4. Drop in `docs/runbooks/<service>-runbook.md` skeleton with
   sections:
   - Quick reference (start/stop/restart commands)
   - Common failures + remediation
   - Drain procedure (graceful shutdown)
   - Rollback procedure (last-known-good)
   - On-call contact

## Manual pass

After scaffold:

1. Operator reviews supervisor configs against ops conventions
2. Operator extends `/healthz` to check ALL relevant deps (DB +
   queue + cache + downstream APIs as applicable)
3. Operator fills in runbook content
4. Operator wires supervisor into deploy pipeline (install
   systemd unit, deploy k8s manifest, etc.)

## Findings synthesis

Output is:
- `deploy/<supervisor>/<service>.<ext>` per target service
- `/healthz` endpoint code per service (if absent before)
- `docs/runbooks/<service>-runbook.md` skeleton per service
- README addendum:
  ```markdown
  ## Operations

  Services run under <supervisor>. See `deploy/<supervisor>/`
  for configs and `docs/runbooks/` for restart procedures.
  Healthchecks at `/healthz` on each service port.
  ```

## Known gotchas

- **Healthcheck depth.** A liveness probe that just confirms
  the process is alive (TCP connect to port 8080) is barely
  better than nothing.

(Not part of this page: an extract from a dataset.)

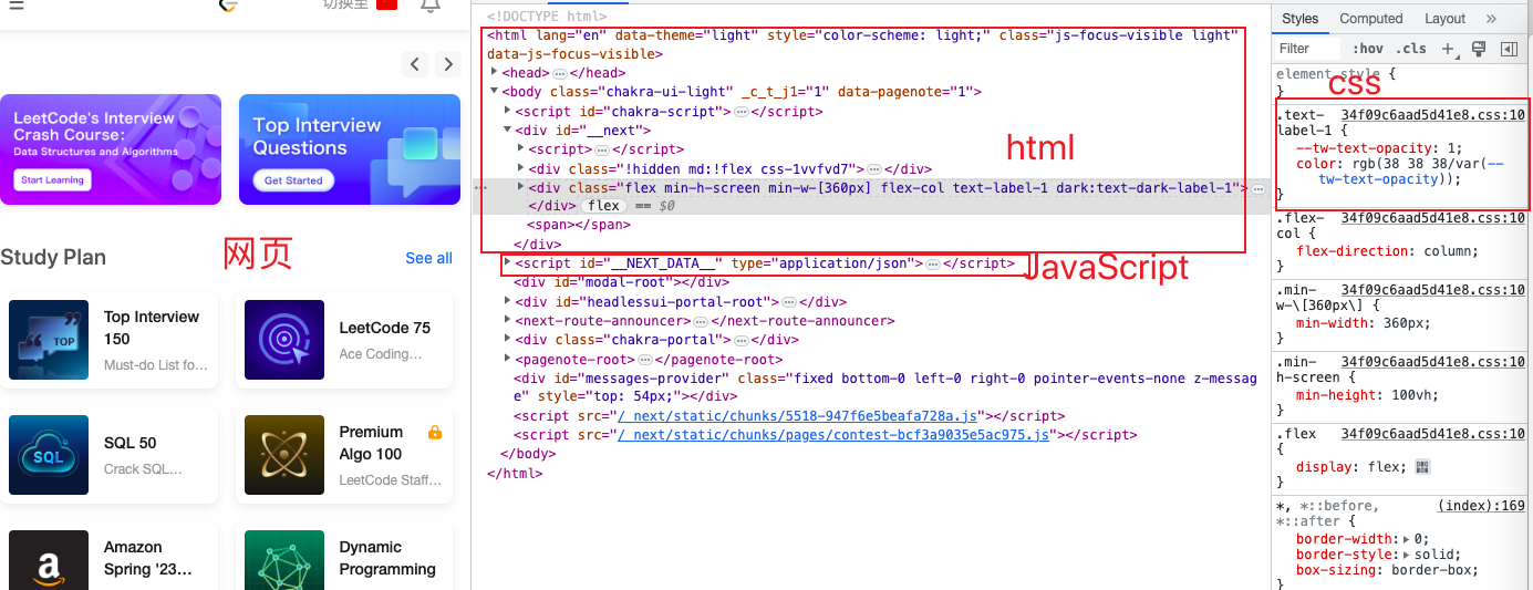 - 网页的组成部分:HTML + CSS + JavaScript
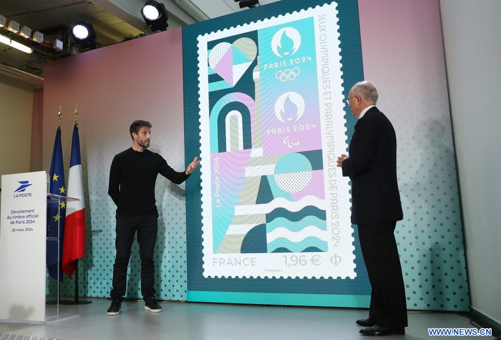 PARIS, 27 mars (Xinhua) -- Le timbre officiel des Jeux Olympiques et Paralympiques de Paris, en collaboration entre le Comité d'organisation de Paris 2024 et le groupe La Poste, a été officiellement dévoilé mardi au Musée français de la Poste.

A REAL liveness check pings the DB,
  inspects pool status, verifies queue accessibility.
- **Initial delay too short.** k8s `initialDelaySeconds: 30`
  is a safe default; slow-starting services (long migrations
  on boot) need more. Operator tunes per service.
- **Restart-loop hiding root cause.** If `restart: always`
  hides a service crashing every 10s, the audit-trail shows
  a dead service that appears healthy in supervisor status.
  Couple with monitoring (out of scope here) that alerts on
  restart frequency.
- **Existing supervisor configs.** Scaffold detects and offers
  to skip rather than overwrite. Operator removes existing or
  uses `--force` per service.
- **No supervisor selection in .yakos.yml.** Scaffold prompts
  interactively or accepts `--supervisor` flag. Documented in
  `cross-project-standards-plan.md` §5.